Gorenberg's answer was to ice me and turn to tell Horan and Cook, "We like you guys and enjoy working with you," raising a wine glass while pointedly not looking at me. DevX, which was running basically at break-even when it was spun off, spent its venture funding on the enterprise portals, yet never collected a penny of revenue from that effort, and built up millions of dollars in vendor debt. It did manage to give Hewlett Packard one portal on Microsoft Exchange, for a free trial.
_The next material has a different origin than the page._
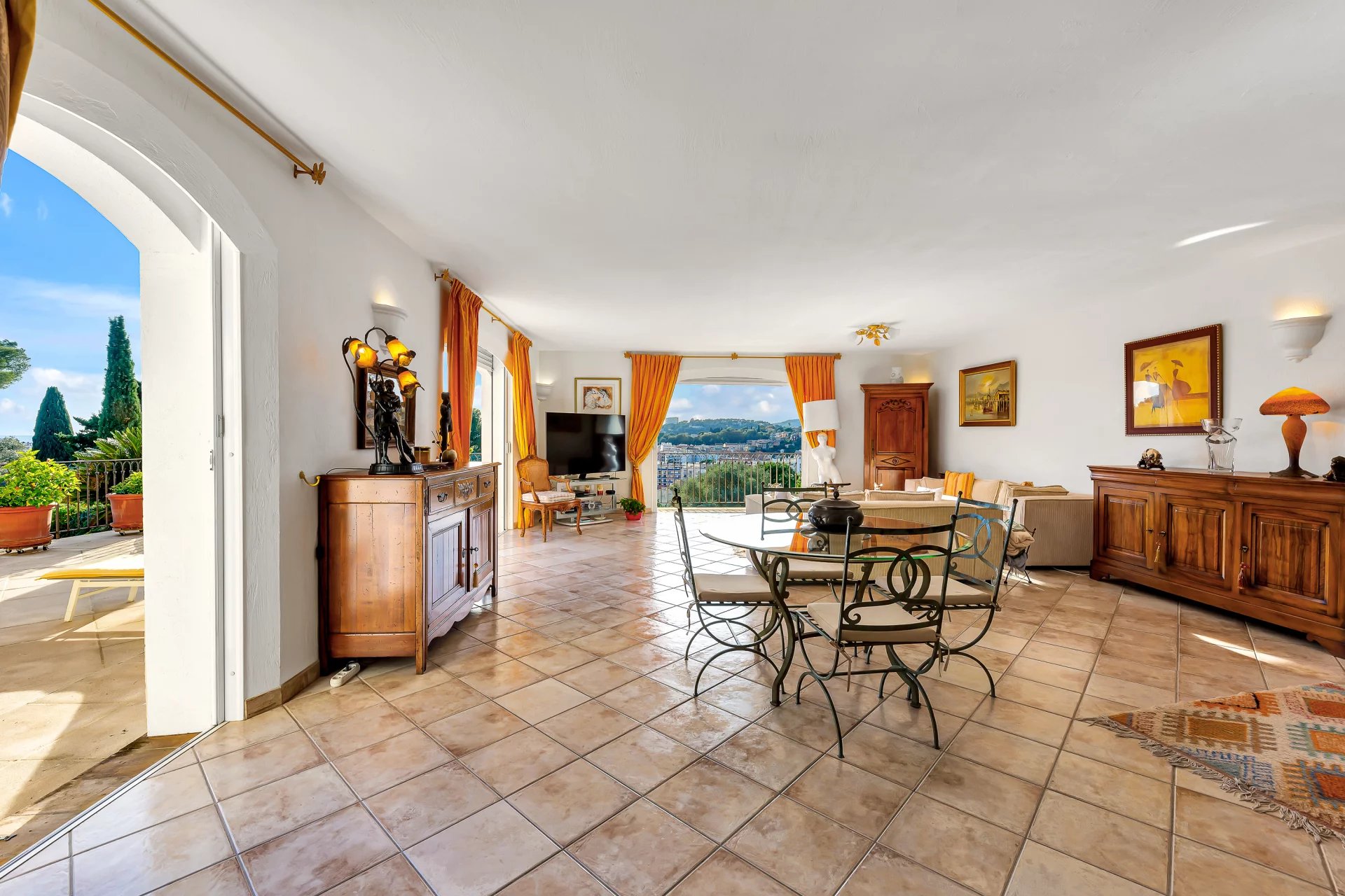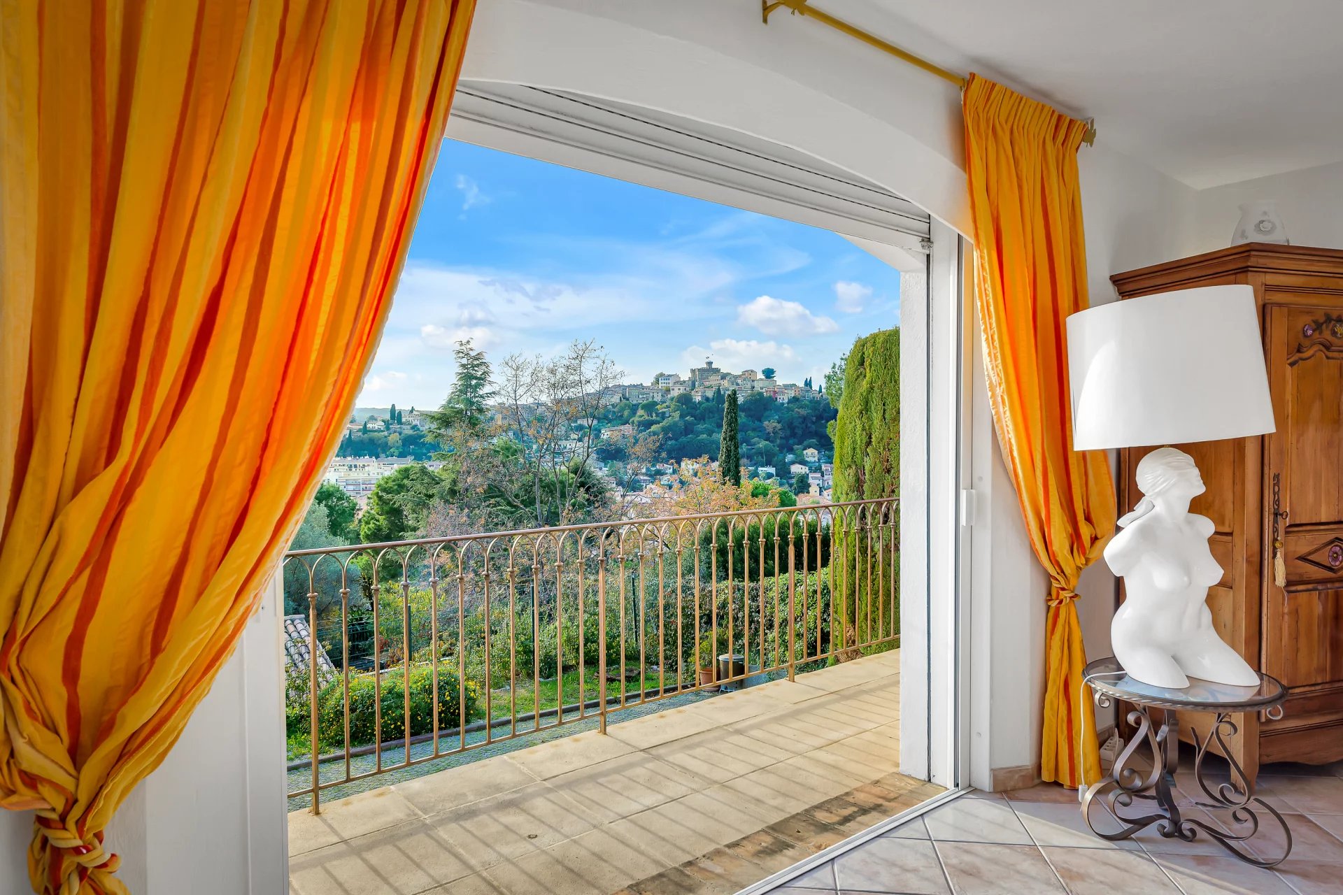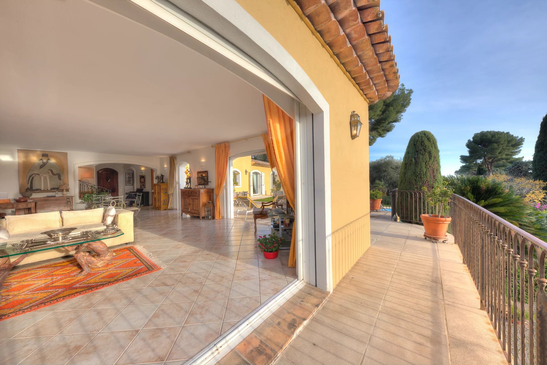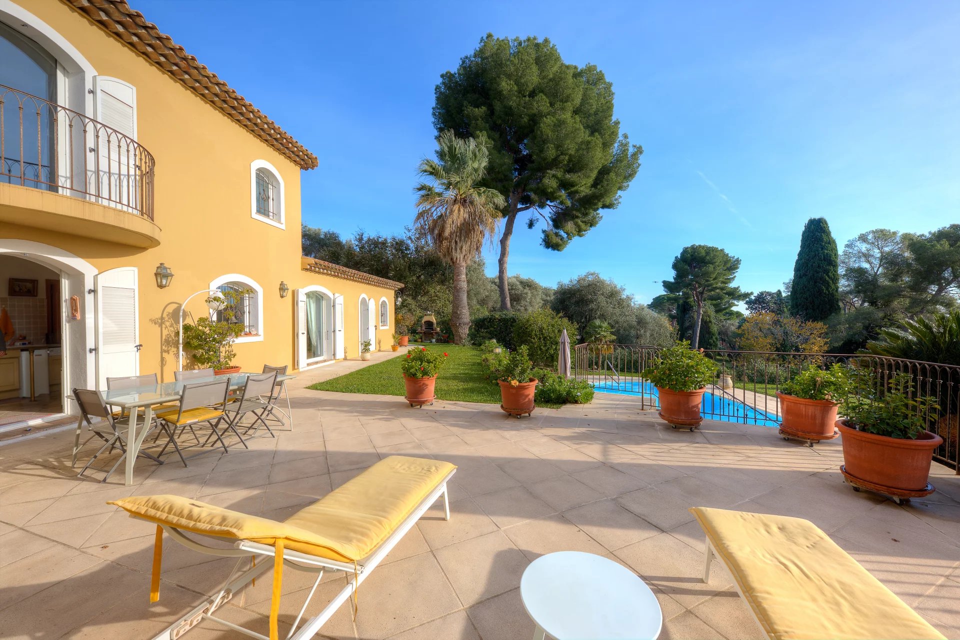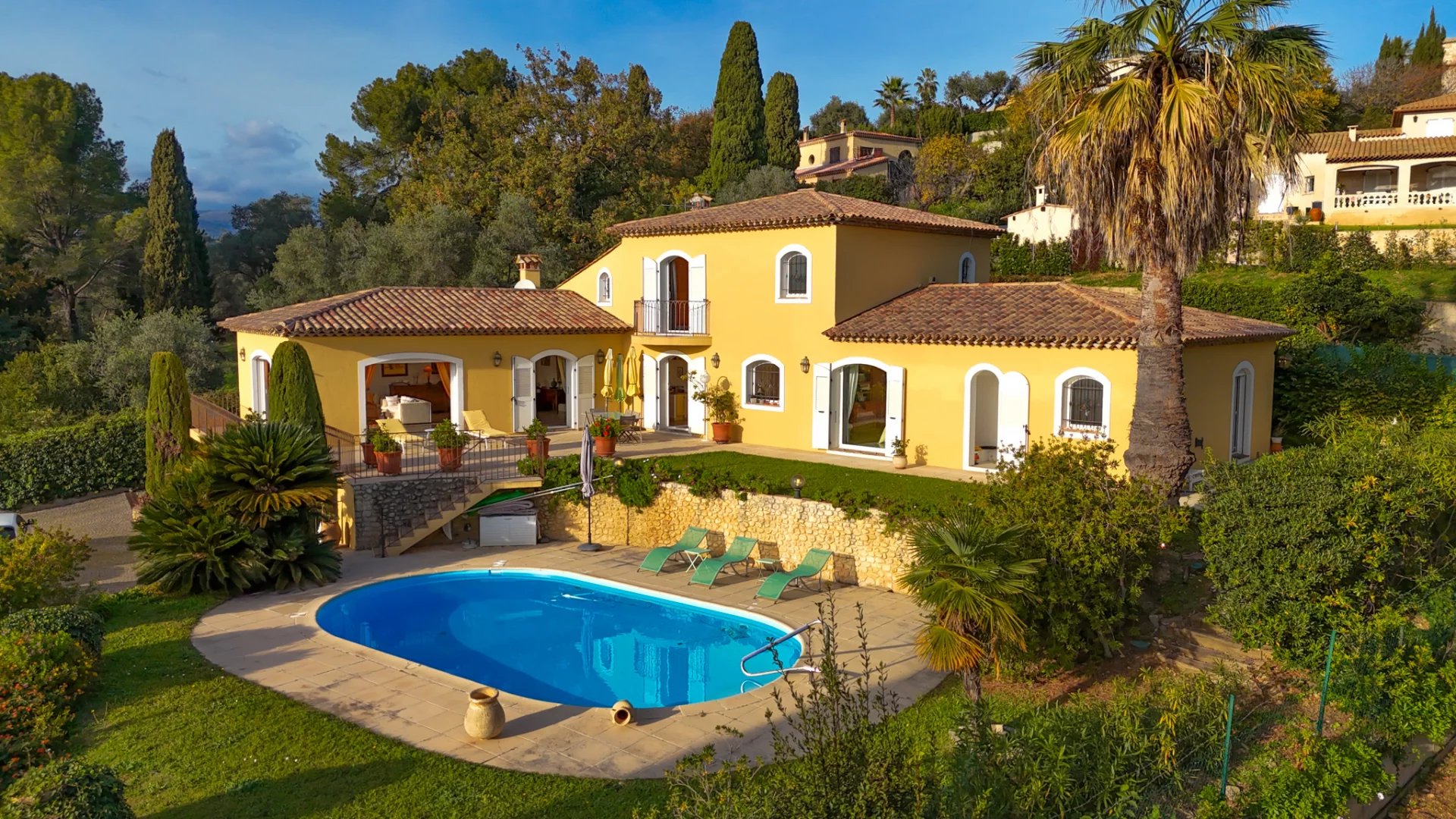 Sumptuous detached villa with swimming pool, ideally located near the Renoir Museum, in a sought-after residential area, nestled in a peaceful, green setting with no overlooked buildings, offering exceptional panoramic views of the old village, the Hauts de Cagnes castle, the sea and the hills. Optimal sunshine thanks to triple exposure.

I resigned from the board at my attorney's advice. DevX continued to bleed slowly for years until the assets were sold to Jupiter. Horan accepted Hummer's second round as warrants convertible to stock, so Hummer got paid ahead of the vendors, in a transaction that, again, the shareholders never voted on.
As attorneys told me, "It's certainly unethical. Board members have a fiduciary duty to all shareholders. And it may well be illegal. That's why VCs incorporate the firms they invest in, in Delaware; the state makes so much money on incorporation fees it doesn't enforce the law. You could sue in civil court, but even if you won, you can't restart the company now and the money would be awarded to vendors."
Ah, but I got a lot of wine and some good dolmades.
Hummer Winblad Responds
Nearly a year after I published an article on Hummer Winblad's investment in DevX.com, formerly the Web properties of FTP, Inc., one of the company's partners emailed me. Here is that partner's email:
I hope you are well and things are going well at FTP.
I wanted to give you the satisfaction of letting you know that I recently lost a hard fought deal due to your article "My Dinner With Hummer Winblad" After reading it, the entrepreneur became uncomfortable completing the deal with us and sought competing term sheets and then took one of the others.
While I hold no malice, I thought you might like to get some satisfaction.